What if we needed to upgrade the compiler or change compiler options?
Could such simple operations result in more than "one instruction"?
The justification of using such "flags" without guarding is too limit the amount time interrupts are disabled.
Looking at the code logic, the expected behaviour is that you can request a message one or more times but you only get one answer.
PS. I tried to use the following additional tags: "cc-rx", "rxv2-instruction-set", "rx231".
Depending on your goals, i.e. whether you're writing for a specific platform only or want to ensure portability, you need to keep several additional things in mind:
With optimizations enabled, many compilers will happily reorder accesses to volatile variables with accesses to non volatile variables, as long as the final result of the operation is indistinguishable to a single-thread scenario. This means that code like this:
int a = 0;
volatile int b = 0;
void interrupt_a(void)
{
a = b + 1;
b = 0; // set b to zero when done
}
can be rearranged by the compiler into:
load acc from [b]
store 0 into [b] // set b to zero *before* updating a, to mess with you a bit
add 1 to acc
store acc into [a]
The way to prevent an optimizing compiler from reordering would be to make both variables volatile. (Or if available, to use C11 _Atomic
with memory_order_release
stores and memory_order_acquire
loads to order it with respect to operations on non-atomic variables.)

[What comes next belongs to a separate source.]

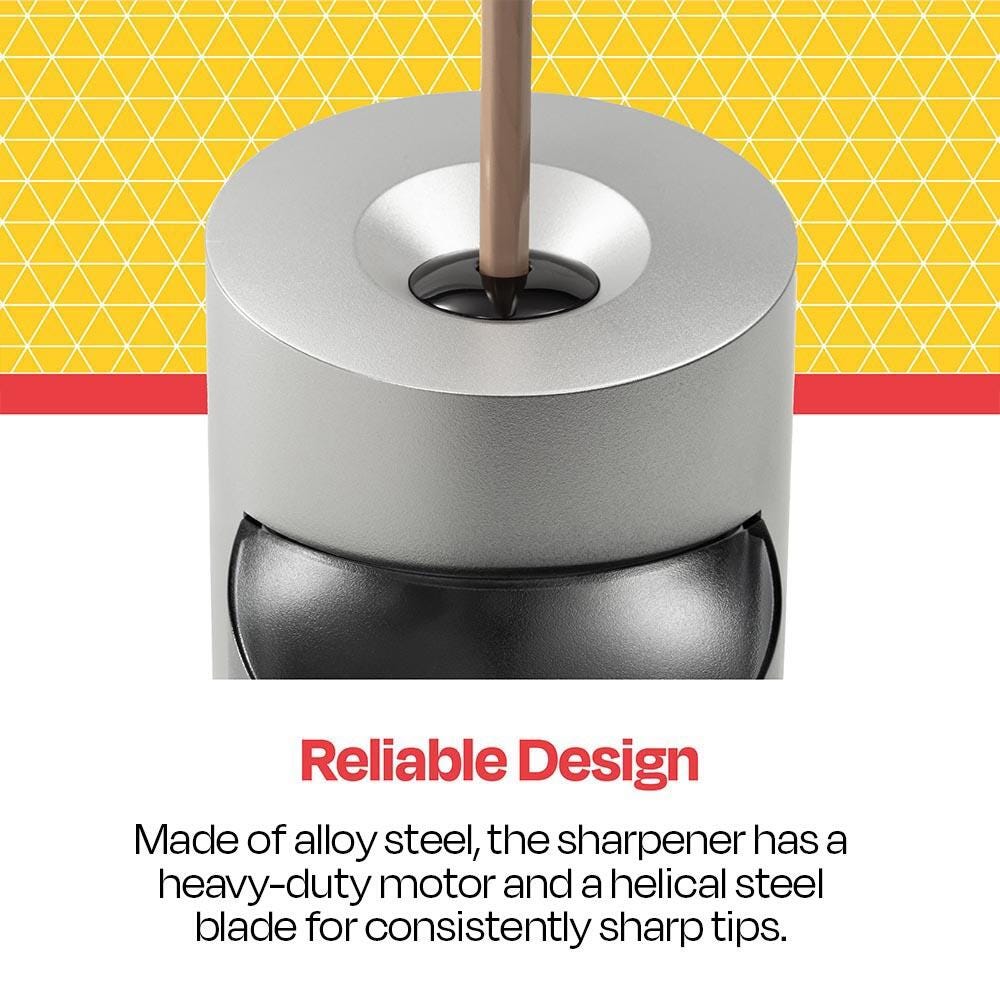 The corded pencil cutter’s helical steel blades and auto-stop mechanism create sharp pencil tips without overcutting

If you're on a multi-core uC, it can reorder memory operations, so this doesn't solve the problem, and the actual solution is to emit a fence for both the compiler and the CPU, if you care about observers on other cores (or in MMIO even on a single-core uC). Hardware fence instructions aren't needed on a single core or single thread, because even an out-of-order execution CPU sees it's own operations happen in program order.
Again, if the compiler you got with the toolchain for your particular embedded system doesn't know anything about fences, then it's quite likely it will refrain from doing stuff like this. So you need to examine the documentation and check the compiled assembly.

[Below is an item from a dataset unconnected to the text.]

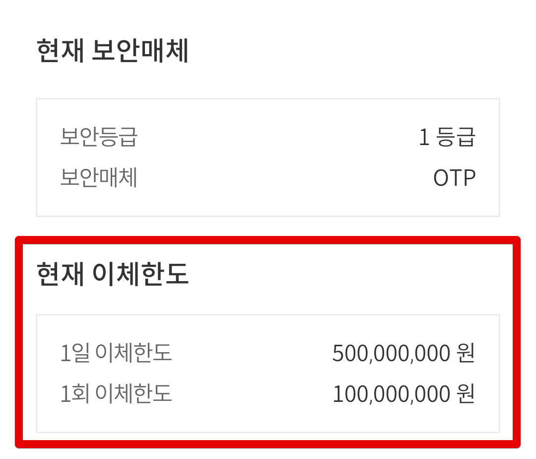 신분증 사진 찍는걸로해서 이제는 우리들에게도 익숙한 비대면 방식으로 본인인증 처리해주시고요. 이체한도를 최대치로 증액해주었습니다. 우리은행 이체한도 최대치는 제 계좌의 경우에는 1일 이체한도 5억원, 1회 이체한도 1억원입니다. 이체한도는 바로 변경이 가능해서 이렇게만 하시면 바로 변경이 되고 이제 편하게 이용할 수 있습니다.

For example, the ARM docs state that the processor is "allowed" to reorder instructions and the programmer should take care to add memory barriers, but right after that it also states (under "implementation detail") that Cortex M processors do not reorder instructions. However, they still insist that proper barriers should be inserted, since it will simplify porting to a newer version of the processor.
Depending on your pipeline length, it might take a couple of instructions until the interrupt is fully enabled or disabled, after you make the request. Again, you need to check the docs for this particular uC/compiler, but sometimes there needs to be a fence of some sort after writing to the register. For example, on ARM Cortex you need to issue both DSB and ISB instructions after disabling the interrupt, to make sure that the interrupt doesn't enter in the next several instructions
// you would have to do this on an ARM Cortex uC
DisableIRQ(device_IRQn); // Disable certain interrupt by writing to NVIC_CLRENA
DSB(); // data memory barrier
ISB(); // instruction synchronization barrier
// <-- this is where the interrupt is "really disabled"

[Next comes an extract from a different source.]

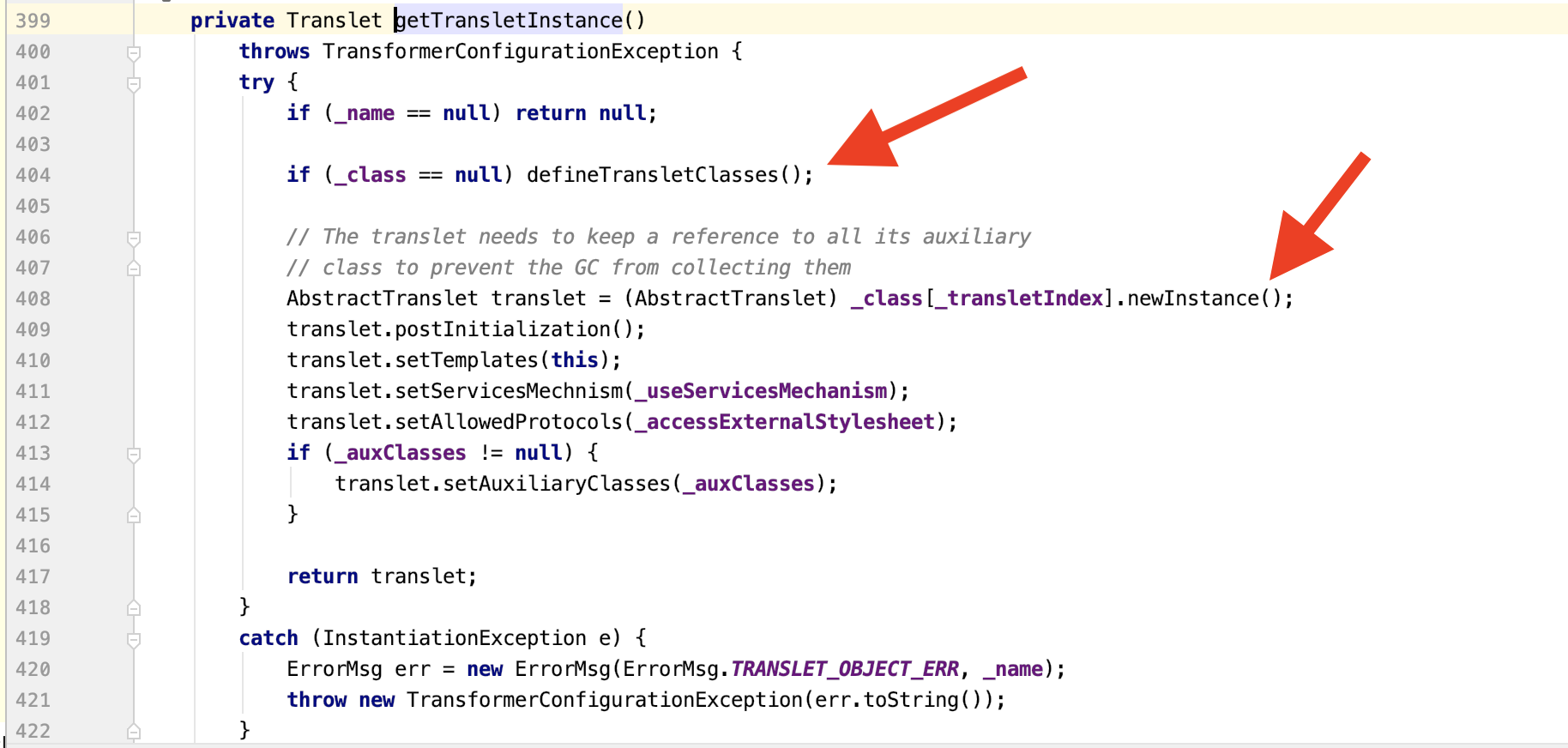 跟进这个函数后,可以看到它经过2个判断后,会调用到defineTransletClasses()函数。调用完这个函数后,在其后对_class[_transletIndex]这个类进行实例化,生成了AbstractTranslet对象。最后返回这个对象。

Of course, your library might itself contain all required fence instructions when you call disable_interrupts();
, or they might not be needed at all for this architecture.
Increment operation (x++
) should not be considered atomic, even it might "accidentally" turn out to be atomic on a certain single-core CPU. As you've noticed, it's not atomic on your particular uC, and the only way to guarantee atomicity is to disable interrupts around this operation.
So, ultimately, you should make sure you read the documentation for this platform and understand what the compiler can and cannot do. Something that works today might not work tomorrow if the compiler decides to reorder instructions after you've added a seemingly minor change, especially since a race condition might not be frequent enough to detect it immediately.